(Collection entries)
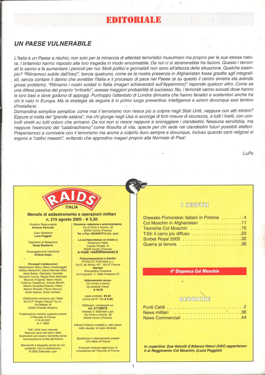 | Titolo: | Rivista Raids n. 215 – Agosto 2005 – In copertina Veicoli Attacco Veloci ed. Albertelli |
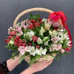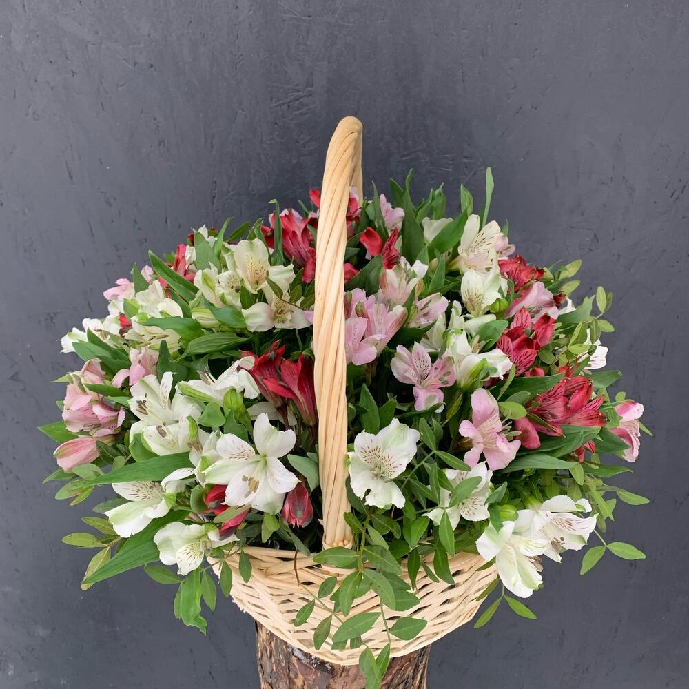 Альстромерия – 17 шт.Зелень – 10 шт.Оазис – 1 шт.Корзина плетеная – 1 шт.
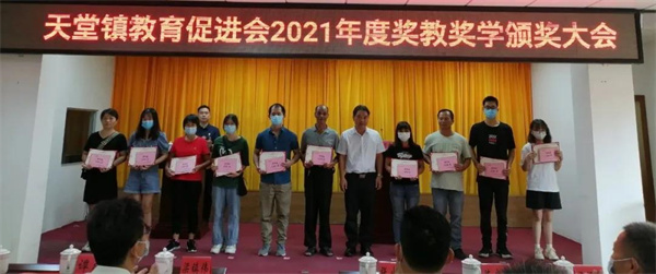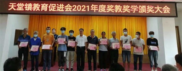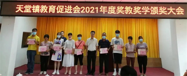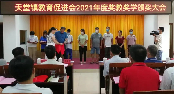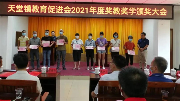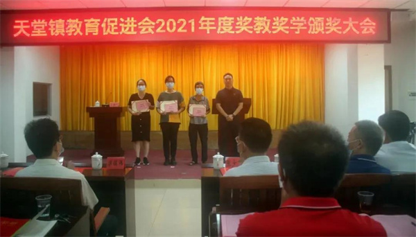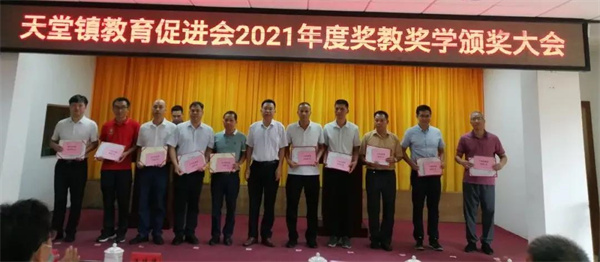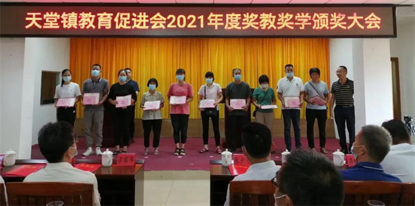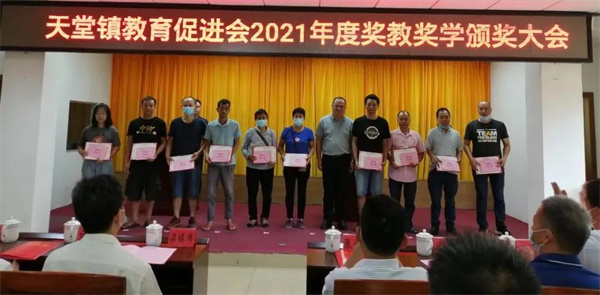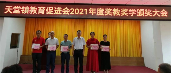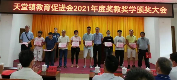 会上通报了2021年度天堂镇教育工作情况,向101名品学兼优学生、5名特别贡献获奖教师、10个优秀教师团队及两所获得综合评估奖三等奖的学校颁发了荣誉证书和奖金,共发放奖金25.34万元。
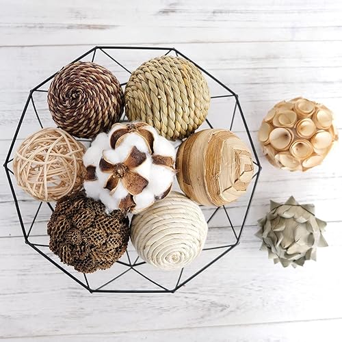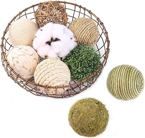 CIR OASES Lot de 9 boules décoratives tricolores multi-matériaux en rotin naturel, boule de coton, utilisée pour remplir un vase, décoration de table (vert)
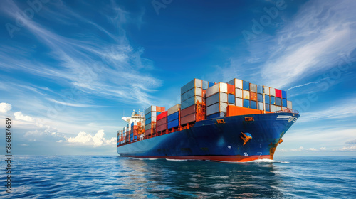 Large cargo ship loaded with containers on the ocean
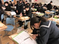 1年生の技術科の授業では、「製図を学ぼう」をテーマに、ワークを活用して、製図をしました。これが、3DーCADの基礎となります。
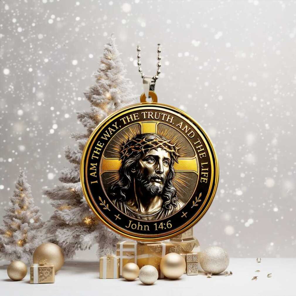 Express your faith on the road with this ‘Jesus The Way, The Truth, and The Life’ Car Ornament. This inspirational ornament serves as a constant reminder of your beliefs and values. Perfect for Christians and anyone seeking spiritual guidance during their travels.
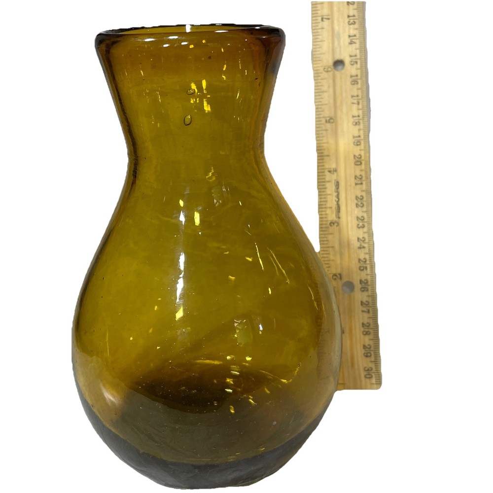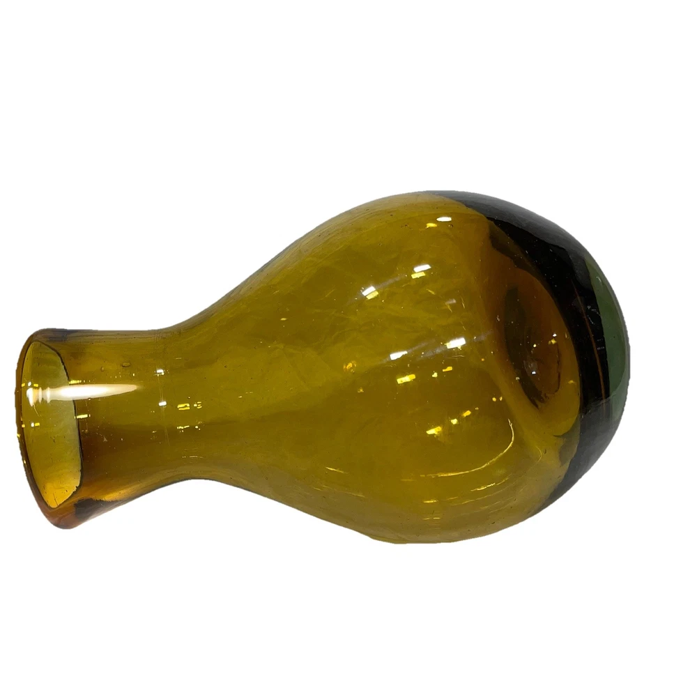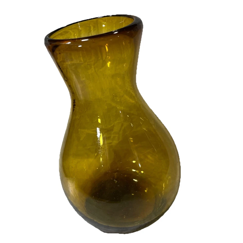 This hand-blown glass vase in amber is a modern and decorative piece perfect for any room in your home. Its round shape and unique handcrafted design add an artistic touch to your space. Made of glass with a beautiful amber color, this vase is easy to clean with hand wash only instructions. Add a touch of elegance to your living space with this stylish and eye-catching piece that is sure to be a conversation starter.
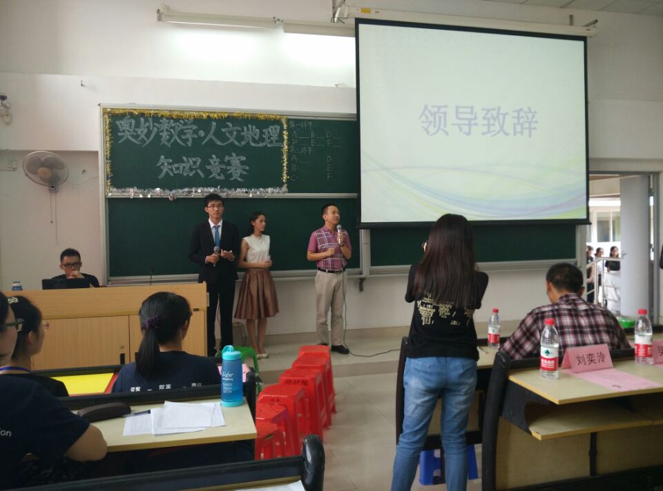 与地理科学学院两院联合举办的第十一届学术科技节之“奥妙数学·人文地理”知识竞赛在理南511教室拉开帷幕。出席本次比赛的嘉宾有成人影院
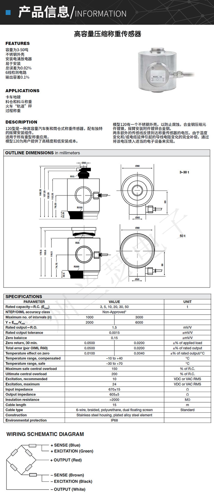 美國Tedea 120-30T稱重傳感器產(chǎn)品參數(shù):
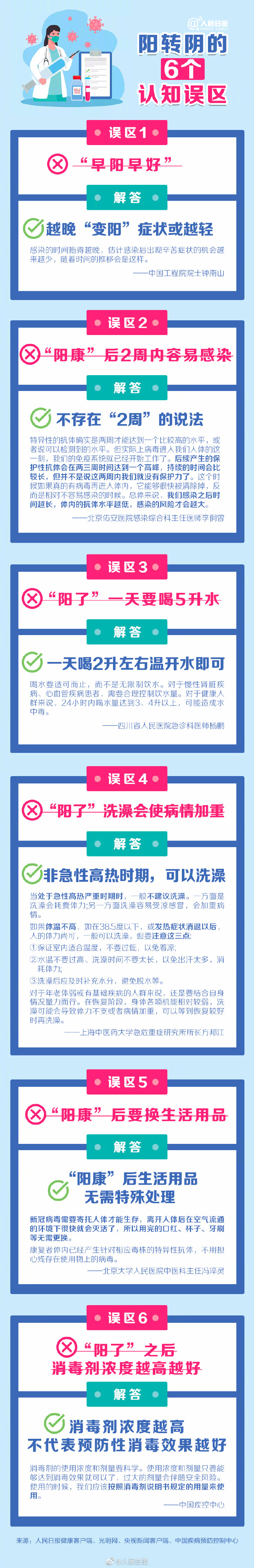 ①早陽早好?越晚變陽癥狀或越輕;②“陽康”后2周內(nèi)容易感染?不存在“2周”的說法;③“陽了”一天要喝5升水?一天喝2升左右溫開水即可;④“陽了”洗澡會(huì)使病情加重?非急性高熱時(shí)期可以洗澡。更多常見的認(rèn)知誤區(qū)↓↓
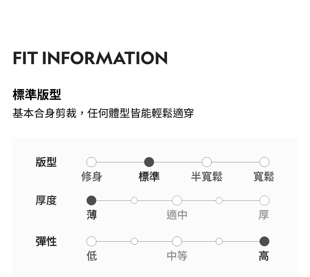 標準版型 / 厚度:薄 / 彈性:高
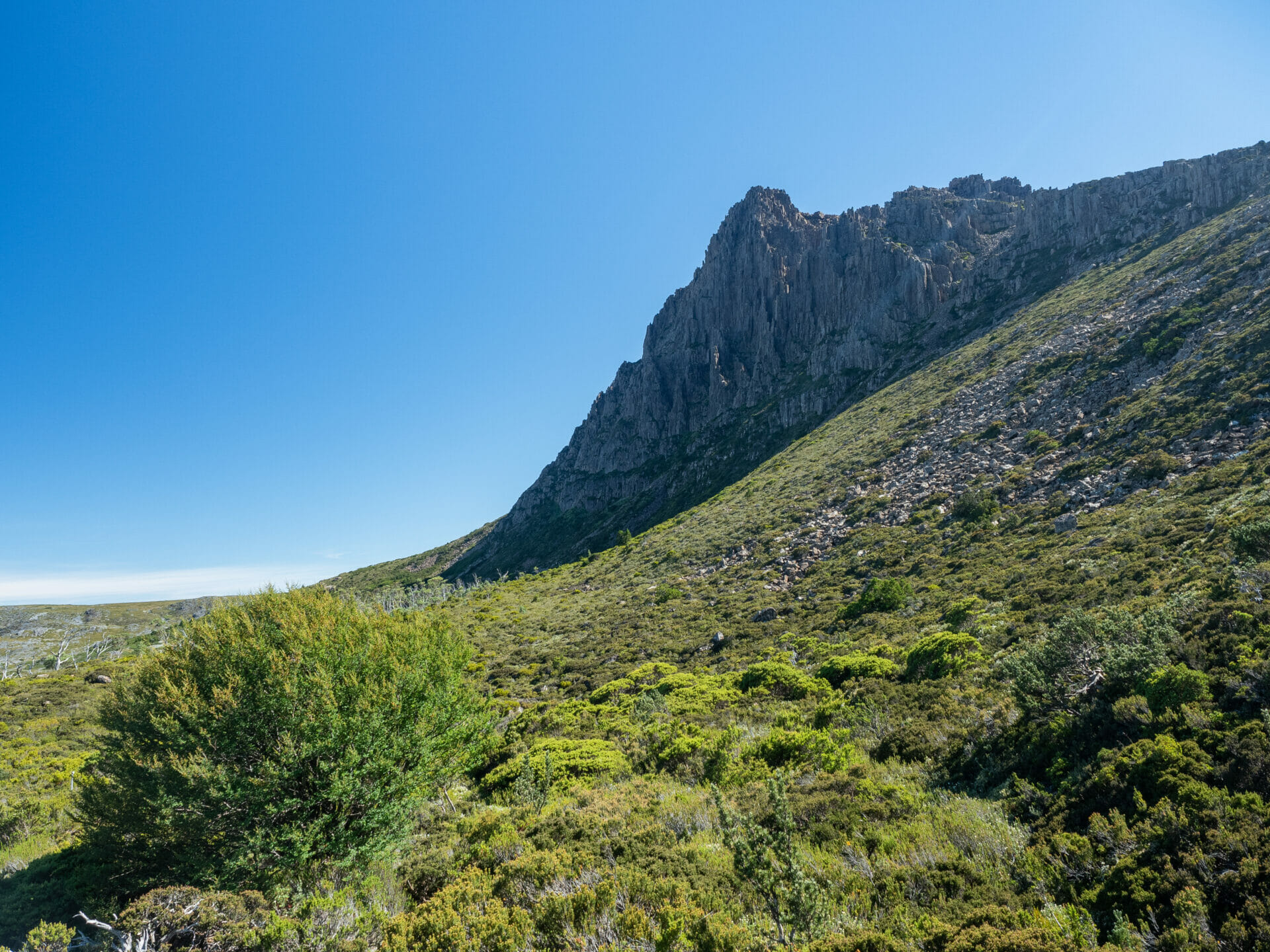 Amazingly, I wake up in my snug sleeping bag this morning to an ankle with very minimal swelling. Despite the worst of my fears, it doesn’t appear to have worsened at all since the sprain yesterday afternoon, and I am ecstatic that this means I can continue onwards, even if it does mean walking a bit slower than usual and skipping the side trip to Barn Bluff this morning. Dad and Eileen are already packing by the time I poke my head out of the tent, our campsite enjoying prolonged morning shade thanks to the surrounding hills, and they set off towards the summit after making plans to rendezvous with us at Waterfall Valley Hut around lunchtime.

TASK REQUIREMENTS: Using the data above, copy exactly the lines from the one containing "Альстромерия – 17" to the one containing "標準版型 / 厚度:薄 / 彈性:高", inclusive. Exclude the pictures.

WRITTEN SOLUTION:
 Альстромерия – 17 шт.Зелень – 10 шт.Оазис – 1 шт.Корзина плетеная – 1 шт.
 会上通报了2021年度天堂镇教育工作情况,向101名品学兼优学生、5名特别贡献获奖教师、10个优秀教师团队及两所获得综合评估奖三等奖的学校颁发了荣誉证书和奖金,共发放奖金25.34万元。
 CIR OASES Lot de 9 boules décoratives tricolores multi-matériaux en rotin naturel, boule de coton, utilisée pour remplir un vase, décoration de table (vert)
 Large cargo ship loaded with containers on the ocean
 1年生の技術科の授業では、「製図を学ぼう」をテーマに、ワークを活用して、製図をしました。これが、3DーCADの基礎となります。
 Express your faith on the road with this ‘Jesus The Way, The Truth, and The Life’ Car Ornament. This inspirational ornament serves as a constant reminder of your beliefs and values. Perfect for Christians and anyone seeking spiritual guidance during their travels.
 This hand-blown glass vase in amber is a modern and decorative piece perfect for any room in your home. Its round shape and unique handcrafted design add an artistic touch to your space. Made of glass with a beautiful amber color, this vase is easy to clean with hand wash only instructions. Add a touch of elegance to your living space with this stylish and eye-catching piece that is sure to be a conversation starter.
 与地理科学学院两院联合举办的第十一届学术科技节之“奥妙数学·人文地理”知识竞赛在理南511教室拉开帷幕。出席本次比赛的嘉宾有成人影院
 美國Tedea 120-30T稱重傳感器產(chǎn)品參數(shù):
 ①早陽早好?越晚變陽癥狀或越輕;②“陽康”后2周內(nèi)容易感染?不存在“2周”的說法;③“陽了”一天要喝5升水?一天喝2升左右溫開水即可;④“陽了”洗澡會(huì)使病情加重?非急性高熱時(shí)期可以洗澡。更多常見的認(rèn)知誤區(qū)↓↓
 標準版型 / 厚度:薄 / 彈性:高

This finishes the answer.